I really needed something to laugh about today, and this article did the trick

The Britney Spears interview on NBC’s “Dateline” offered several lessons worth noting, the most significant of which is to remove large wads of gum from one’s mouth before engaging in a conversation. One surefire way to nick one’s public image is to go on national television chomping open-mouthed like a shill for Bubblicious.

It is also best not to wear a denim miniskirt so short that when seated it practically disappears beneath the protuberance of one’s pregnant belly, producing an image that is more gynecological than fashionable. Instead of making a statement about the sexiness of impending motherhood, it suggests that the mother-to-be appears to be unfamiliar with the usefulness of a full-length mirror and the term “ho-gear.”

Pregnancy cleavage can be a beautiful development, but serving up one’s bosom like melons at a picnic is aggressively self-indulgent, enormously distracting and, unless you’re auditioning for a spread in Penthouse, unnecessarily vulgar..

After that, however, the tone of the article is more tragic than comic. It sounds like Britney is a phenomenon whose time came and went.

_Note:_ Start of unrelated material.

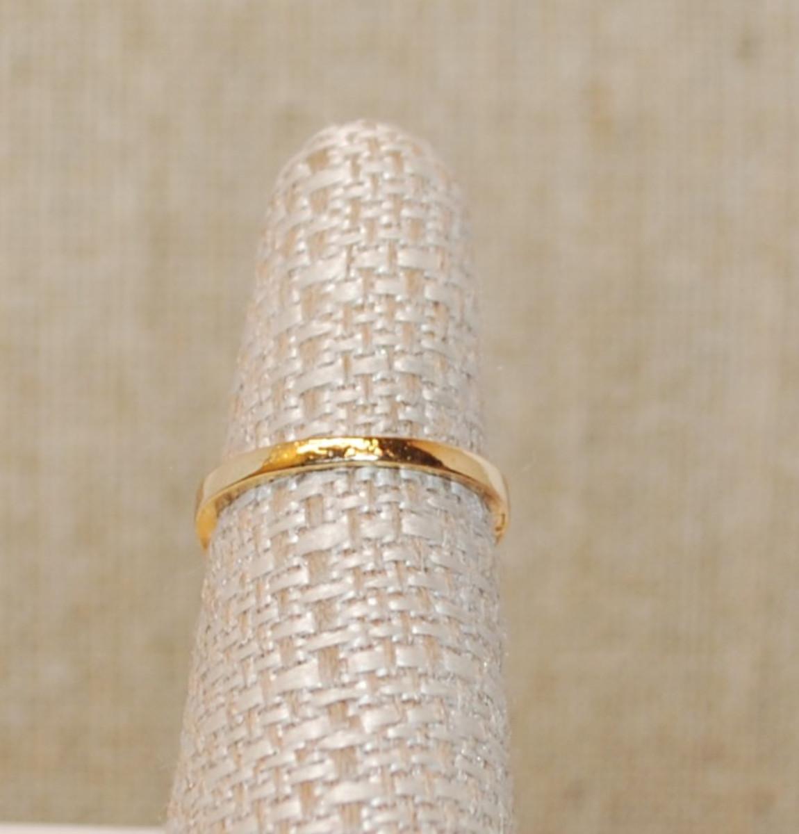 Size 6¾ Deep Purple Round Main Stone Ring with a "V" Clear Stone Accent on a Gold Tone Band (2.7g)

It’s always sad to see someone in decline, but Britney never deserved her fame to begin with. Her winning formula of being a below-the-age-of-consent sex kitten luridly strutting her stuff while lip-synching truly wretched written-by-computer junk music had to fail as she grew into a woman. She had her full 15 minutes of fame and exploited it to the max, capitalizing all the way on raw teen sexual energy. For her now to complain about the paparazzi chasing her, as she does in the Dateline interview, is ludicrous. She invited them in with open arms; her sexploitation is entirely self-generated and it’s hard for me to feel sorry for her.

(That post just sort of wrote itself. Maybe I’ll delete it later – I didn’t mean to be so hard on poor Britney. After reading that article, however, it’s hard to feel much compassion, and I’ve always wondered how someone so devoid of talent could be catapulted to such lofty heights.)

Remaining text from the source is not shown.